Recorded data ::
++++

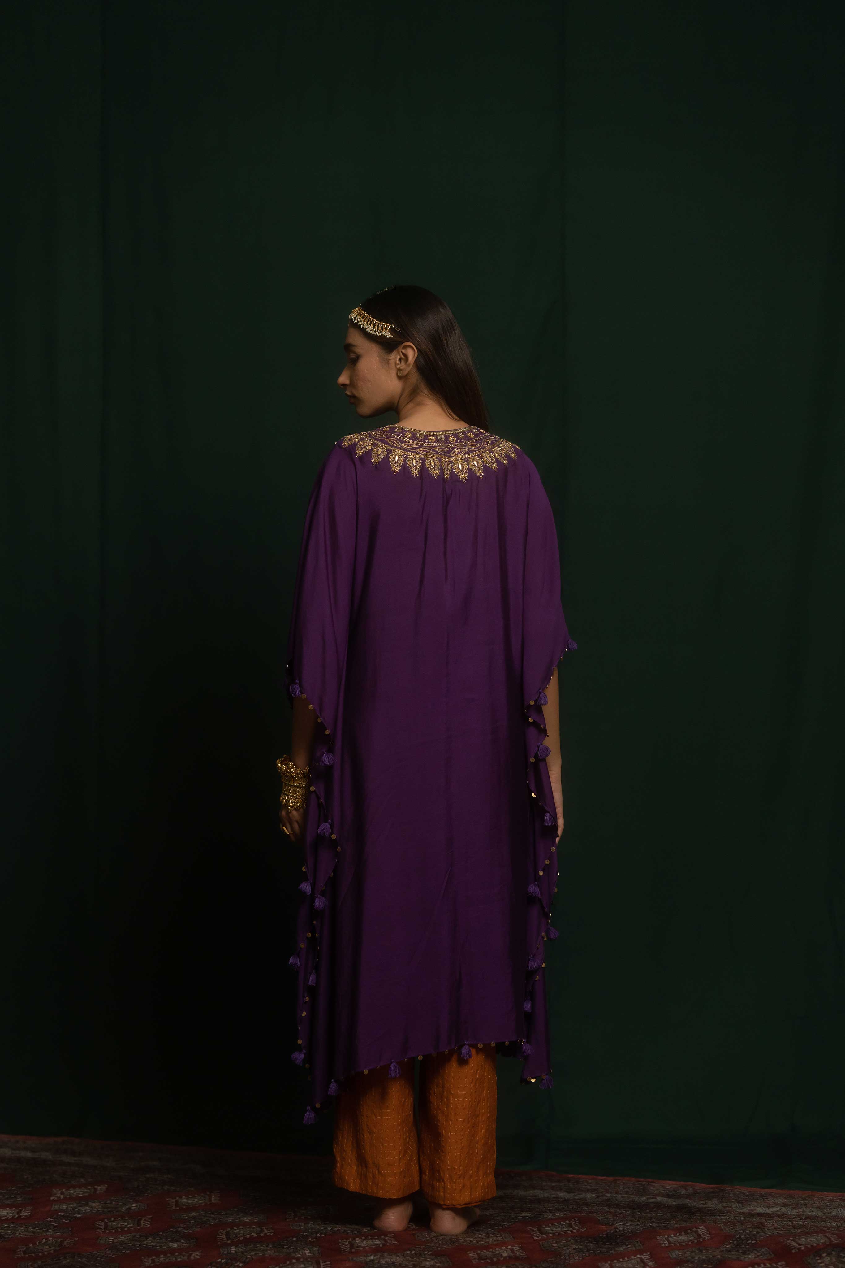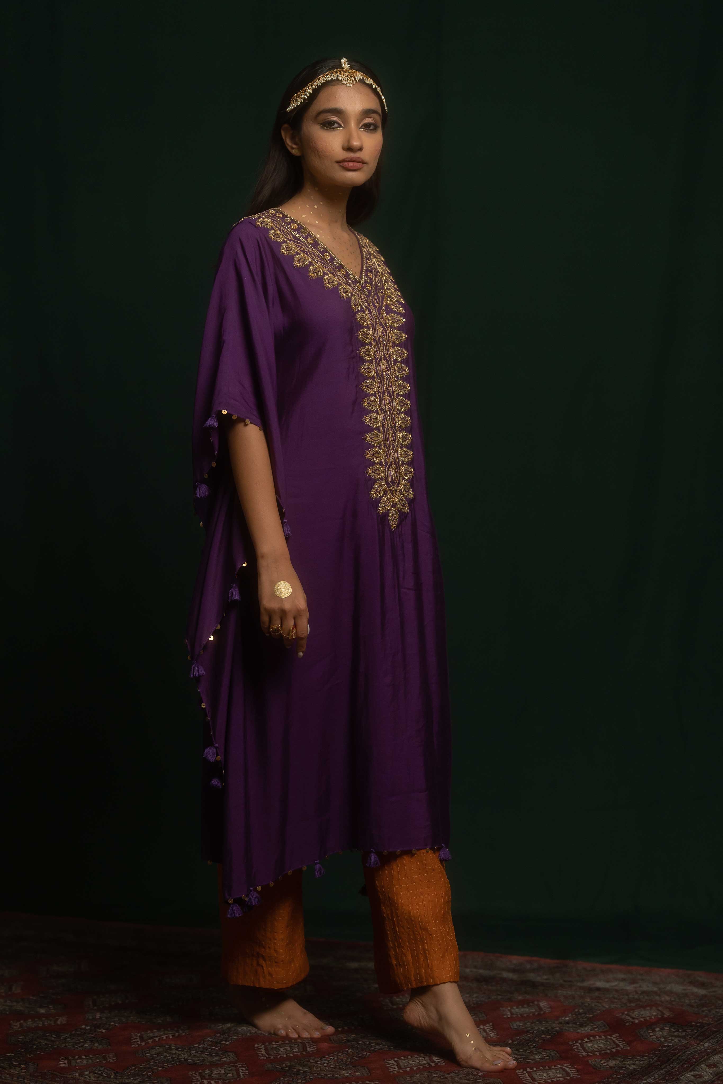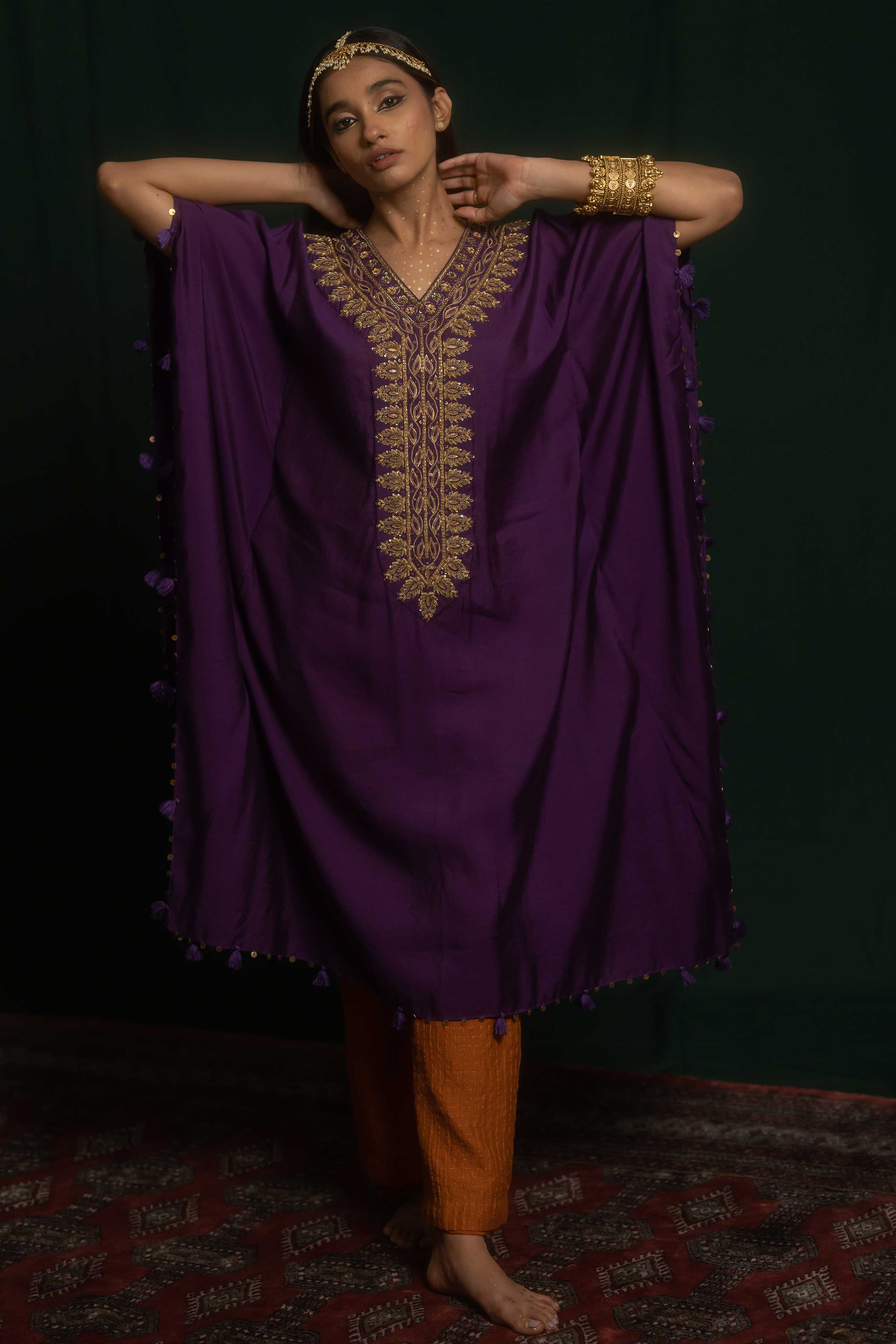 Hana set consists of a kaftan which is crafted in mint green/purple cotton silk. It features a combination of marodi, zardosi and gota kasab techniques. It has a heavily embroidered yolk.
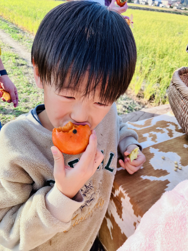 都会育ちの我が子たちは、柿そのものにあまり馴染みがなく、躊躇なく皮ごと豪快にかじる姿を見たとき、私自身非常に驚きました。
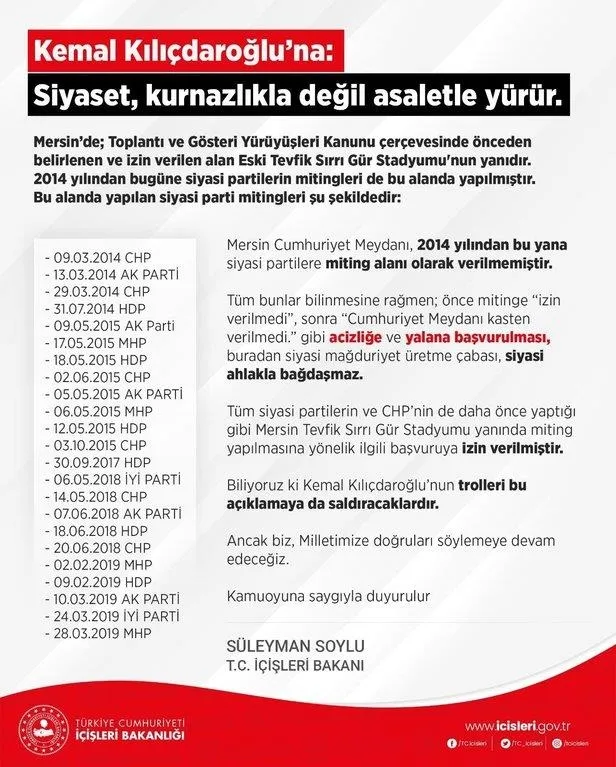 CHP ve Kemal Kılıçdaroğlu'nun iddialarına İçişleri Bakanı Süleyman Soylu da sert bir yanıt vererek gerçeği yansıtmadığını bildirmişti. Soylu, "Kemal Kılıçdaroğlu'na: Siyaset, kurnazlıkla değil asaletle yürür." şeklinde yaptığı Twitter paylaşımında, "Mersin Cumhuriyet Meydanı, 2014 yılından bu yana siyasi partilere miting alanı olarak verilmemiştir. Acizliğe ve yalana başvurulması ve siyasi mağduriyet üretme çabası, siyasi ahlakla bağdaşmaz" ifadelerine yer vermişti.
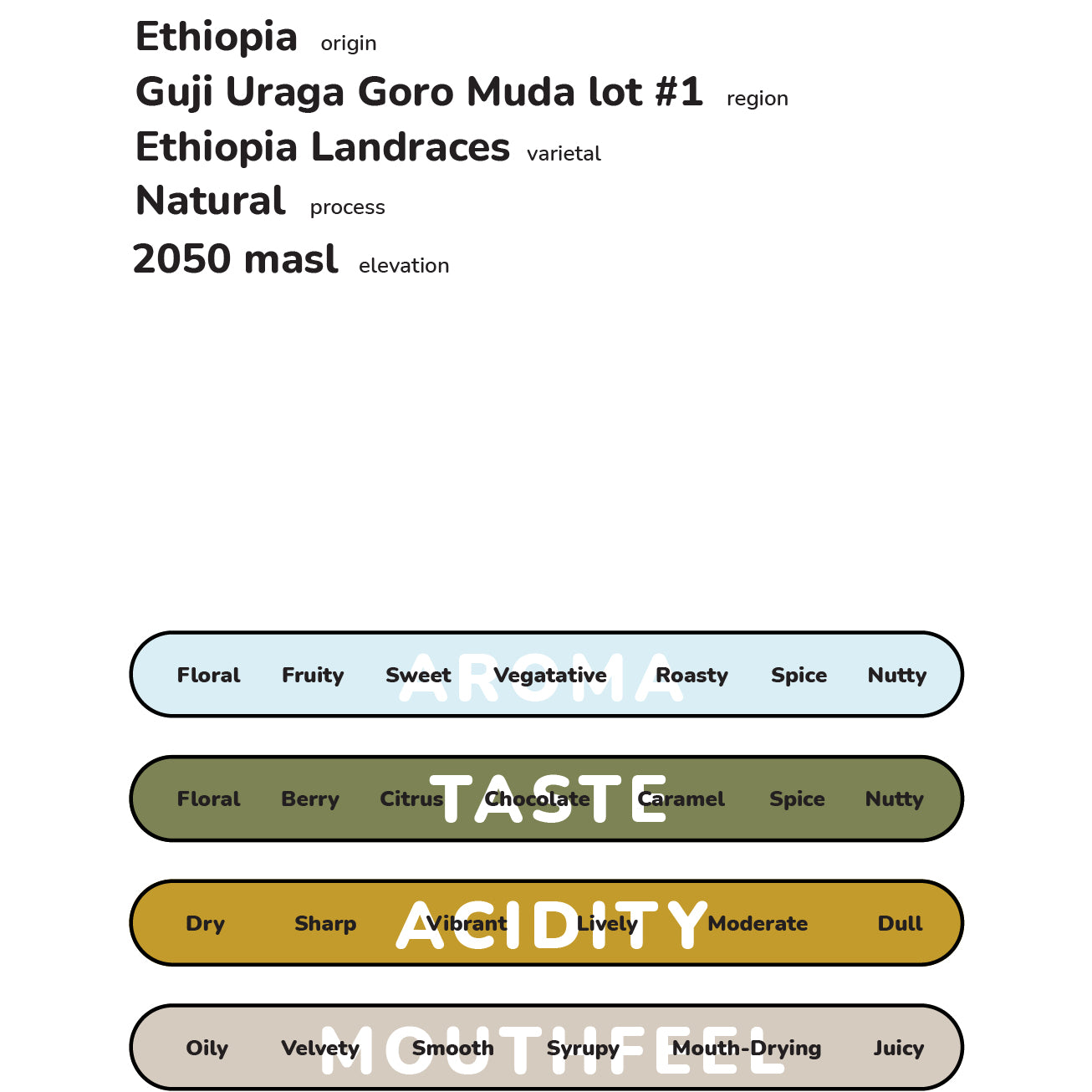 Ethiopia: originGuji Uraga Goro Muda Lot #1: farmerEthiopia Landacres: varietalNatural: process2050 masl: elevation

++++

Task item :: Here the job is to print the data above exactly, except for any pictures.

Expected answer ::
 Hana set consists of a kaftan which is crafted in mint green/purple cotton silk. It features a combination of marodi, zardosi and gota kasab techniques. It has a heavily embroidered yolk.
 都会育ちの我が子たちは、柿そのものにあまり馴染みがなく、躊躇なく皮ごと豪快にかじる姿を見たとき、私自身非常に驚きました。
 CHP ve Kemal Kılıçdaroğlu'nun iddialarına İçişleri Bakanı Süleyman Soylu da sert bir yanıt vererek gerçeği yansıtmadığını bildirmişti. Soylu, "Kemal Kılıçdaroğlu'na: Siyaset, kurnazlıkla değil asaletle yürür." şeklinde yaptığı Twitter paylaşımında, "Mersin Cumhuriyet Meydanı, 2014 yılından bu yana siyasi partilere miting alanı olarak verilmemiştir. Acizliğe ve yalana başvurulması ve siyasi mağduriyet üretme çabası, siyasi ahlakla bağdaşmaz" ifadelerine yer vermişti.
 Ethiopia: originGuji Uraga Goro Muda Lot #1: farmerEthiopia Landacres: varietalNatural: process2050 masl: elevation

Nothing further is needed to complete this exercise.